Similarly, one of India’s most prominent
yogis, Baba Ramdev, involves himself in politics regularly, appearing
frequently onstage with Modi. Ramdev not only supported Modi’s decision to demonetise old high-denomination currency notes overnight in November, he claims he had himself been calling
for such a move for years. As a businessman, he has been hugely
effective. He owns the Patanjali brand and his face is ubiquitous in
much of North India. Adityanath (left) and Ramdev. (Photo credit: MYogiAdityanath/Facebook).
Selective controversy
Of
course, the history of yoga is also the development of practice,
innovation in the understandings of supernatural powers, new medical
regimes, and a rich textual and visual tradition that reinterprets the
tenets of beliefs and explanations of the world.
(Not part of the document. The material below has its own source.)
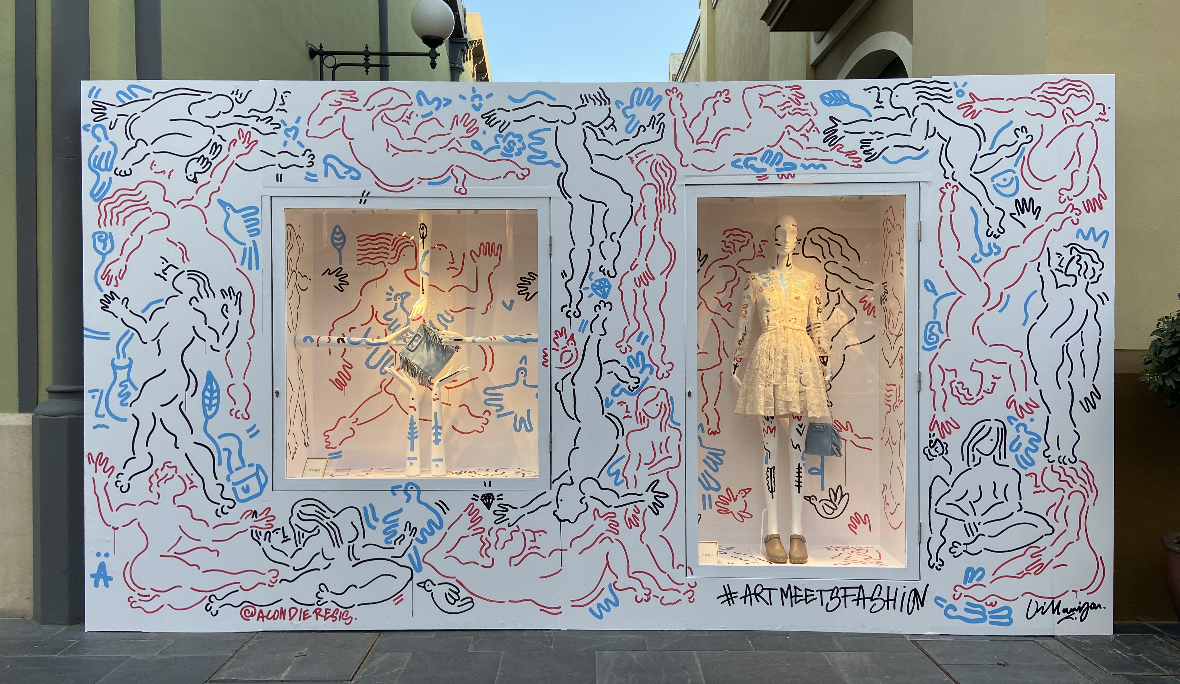 Through 10 artists, selected by UVNT, Las Rozas Village is transformed into a place where fashion and art generate a dialogue around creation. Under the slogan #ArtMeetsFashion, the participating artists will create a work of art especially for their interaction with a very specific space, such as some facades of the different buildings that make up the Village, the walls that delimit the spaces, the boulevards around which the boutiques are articulated or some architectural elements such as porches or access areas.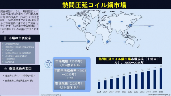 KDマーケット・インサイツは、「熱間圧延コイル鋼市場の将来動向と機会分析 ― 2025年から2035年」をタイトルとする市場調査レポートを発表いたしました。本レポートの範囲には、現在の市場動向および将来の成長機会に関する情報が含まれており、読者がより的確なビジネス判断を下すための支援を目的としています。本調査レポートでは、KDマーケット・インサイツの研究者が一次および二次の分析手法を用いて、市場競争の評価、競合他社のベンチマーク、ならびに市場参入戦略(GTM)の理解を行いました。

While these often have
political implications, to only focus on that would have been a
disservice to my students and insulting to the rich ideas practitioners
of yoga have developed over the course of hundreds of years. Much more
of our time was spent discussing the fine points of kaivalya (perfect isolation or absolute unity), various meditative practices, and how texts such as the Hatha Yoga Pradipika came into being.
Unfortunately,
the controversy surrounding my course ignores the history part of the
syllabus and focuses only on the political. That I am a foreigner adds
fuel to the fire as this allows those who object to the course to let
their imaginations regarding my background and intentions run wild.
However, the biggest issue is not that I, a non-Indian, taught Sanskrit
and Yoga at Nalanda. It is that the academic freedom of the institution
has been trampled. Nalanda’s current vice-chancellor Sunaina Singh toldThe Telegraph newspaper that, “the very title of the course is problematic”.
But
no one ever discussed any problems with the course with me before,
during, or after I taught it. The course began in January, after Yeo’s
resignation and ran till the end of the academic year in May. When I
left Rajgir at the end of the term, my contract was set to expire in
July. In mid-June I received a letter from the university inquiring
about my intention to continue. A week later another letter arrived,
rescinding the previous letter, thanking me for my service to the
university, and assuring me that I would be paid through the end of my
contract.
To say that the course had been “abolished”, as BJP
national general secretary Ram Madhav claimed in a tweet last week that
went viral, is an assault against not only intellectual freedom but puts
my students and colleagues in danger. Some of the replies to Madhav’s
tweet called for a purge of all foreigners from Indian universities,
sexually degrading remarks about me, and calls for investigations into
ideas at universities across the country. Recent threats and acts of violence
against academics and journalists in India indicate that people are
willing to take action against those with whom they disagree. It is not
difficult to spot members of the university in Rajgir and I fear
Madhav’s tweet could make those in the Nalanda community targets. Finally, I also wonder what is to become of my students, who
have paid tens of thousands of rupees after being promised a world
class education, and who instead find their instructors fleeing due to
academic interference, and their programme a shell of what it once was?